Early termination penalty for early repayment of a fixed-rate mortgage on the basis of a negative reinvestment rate
A couple repaid their fixed-rate mortgage early and had to pay an early repayment penalty that was almost twice as high as originally calculated. The bank calculated the early repayment penalty based on a negative reinvestment rate of -0.08%. The Ombudsman questioned this calculation. The bank explained its approach and offered to calculate the early termination penalty using a reinvestment rate of 0%. This led to a reduction of the early termination penalty by around CHF 2,500, which the bank refunded to the clients.
The couple had taken out a fixed-rate mortgage in two tranches. In mid-March 2025, it requested an indicative calculation for the early repayment penalty in the event of early repayment of the mortgage. The bank estimated the expected early termination penalty at around CHF 17,000. When the couple finally repaid the mortgage early in June 2025, the bank charged an early repayment penalty of around CHF 33,023.65 – almost double the original estimate.
The clients could not understand why the early repayment penalty had almost doubled within a few months. She was particularly irritated by the negative reinvestment rate of -0.08% applied by the bank. Since the end of the negative interest phase, the Ombudsman has not seen such a ev. Low negative rate applied to early termination penalties for fixed-rate mortgages. The remaining term of the mortgage at the time of termination was just over 4½ years.

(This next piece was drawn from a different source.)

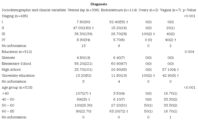 The results obtained indicate an association between gynecological cancers and education, age and staging. More than half of the sample has been in school for a few years and is close to 50 years old. Adding these findings to those of another study12, which records the highest percentage of deaths in the 50-54 age group, it is clear that health actions must adopt specific measures for this age group.
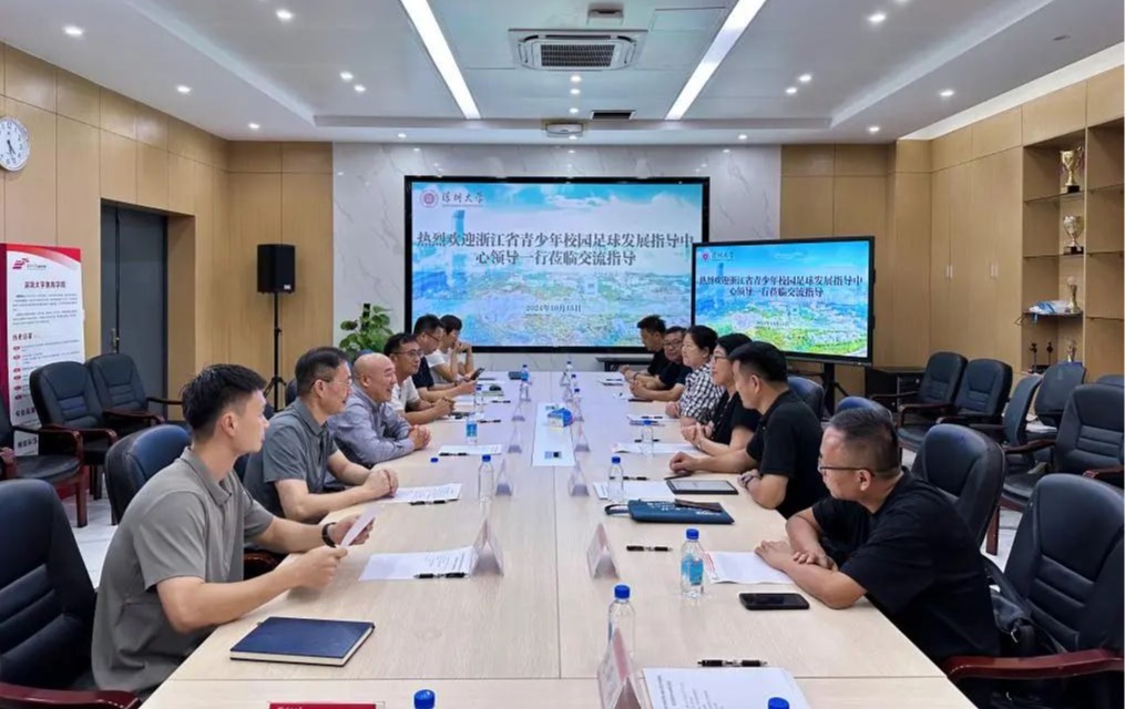 发展校园足球是一项系统工程,为探索大、中、小学融合发展路径,2024年10月15日,在深圳大学元平体育馆会议室,深圳大学体育学院院长刘建、副院长王东、体育教育系主任赵刚、党政综合办公室主任吴杰清、大球教研室副主任翟宗鹏、足球专业教师周春娟等,与来自浙江省学校体育协会的常务副秘书长姜丽及陈平,以及浙江省青少年校园足球发展指导中心的常务副主任惠悲荷等一行,共同举办了一场旨在促进双方合作与交流的重要会议。

In his opinion, with such a remaining term, the reinvestment rate ought to have been at least slightly positive even in mid-June 2025. He therefore contacted the bank and asked it to explain the calculation of the early repayment penalty.
The bank referred to the general provisions of the framework agreement for mortgage loans. These provide that in the event of early termination of a fixed-rate mortgage, the difference between the contractually agreed interest rate and the interest rate that the bank can obtain at its own discretion for an investment on the money and capital markets with a corresponding remaining term will be calculated.
According to the bank’s explanations, it must invest the capital repaid ahead of schedule in a risk-free manner in such cases. In practice, this typically takes place in federal bonds, whereby as a rule there is no such bond whose remaining term exactly matches that of the prematurely terminated fixed-rate mortgage. Therefore, she must look for a bond whose remaining term approximately corresponds to that of the prematurely terminated fixed-rate mortgage.
The bank explained that at the time of termination, a federal bond with an approximately matching remaining term actually yielded a negative return and the corresponding value roughly matched the reinvestment rate used of -0.08%. The bank considered its approach to be fair and explained that it would merely be put in the same position as if the clients had fulfilled the fixed-rate mortgage as agreed until the end of the term.
The significant increase in the early repayment penalty between March and June 2025 resulted from substantially lower capital market interest rates during this period.
The Ombudsman found that the applicable contractual provision was in line with standard market terms. However, the version of the contractual provision applicable to the couple did not contain, in contrast to a later version supplemented by the bank, any explicit reference to possible negative reinvestment rates.
In view of this fact, the bank was prepared to accommodate the client by way of a settlement. The bank offered to reduce the applied reinvestment rate to 0%. This led to a reduction of the early termination penalty by approximately CHF 2,500.
The Ombudsman presented the couple with this settlement proposal, explaining that the contractual provision was standard in the market and that the bank had clearly explained its calculation method. The bank’s gesture was made without acknowledging any legal obligation, without prejudice and on balance of all claims.
The couple accepted the settlement proposal. The bank then immediately reimbursed the couple the agreed settlement amount, thereby resolving the dispute.